I have performed ATAC-seq and have three biological replicates and would like to combine their macs2 narrowPeak files to get the common peaks between them, so I can run GO overrepresentation on it after annotating it to the nearest TSS so I can have GO terms specific to that condition. What is the best way to merge these narrowPeak files so I can achieve this?

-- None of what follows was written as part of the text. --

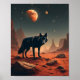 Loup noir sous ciel Alien - Un loup noir solitaire se dresse sur un paysage désolé, dans des tons rouges, avec ses yeux jaunes percevants fixés sur le spectateur. Le ciel est une marine, parsemée d'étoiles scintillantes et d'une grande lune orange brillante. Plusieurs corps célestes plus petits sont visibles, suggérant un monde alien. La silhouette du loup se distingue par son sable rouge vif et son terrain accidenté, créant un sentiment d'isolement et de mystère.

Should I merge the BAM files at the start for the replicates in picard and then call peaks on the merged BAM with macs2 or should I use bedtools multiinter to find intersecting intervals or bed tools merge on narrowPeak files to combine replicates or is there a better way?
Thanks.
Peak calling won't ever give you specific results. You can easly get thousands of peaks fewer or more if noise is a little higher or lower in one vs the other condition. If you want to enrich for condition specificity then perform a differential analysis with tools like DESeq2, edgeR or limma. Meaning, call peaks, make a consensus peakset (many posts on this before here and elsewhere) and then assess significance of count differences by mentioned tools.
Thank you for your answer. Would maybe running IDR on the replicates help? It would get reproducible peaks amongst the biological replicates right? I really want to produce a figure like below I found from this article: https://www.researchgate.net/figure/Gene-ontology-and-KEGG-pathway-analysis-of-the-mouse-ATAC-seq-data-a-Top-ten-GO-terms_fig3_350469741. To do this I feel like I'd need to run something like chipseeker and annotate the peaks in each condition group and would really like the wild type group to also be present on the figure too.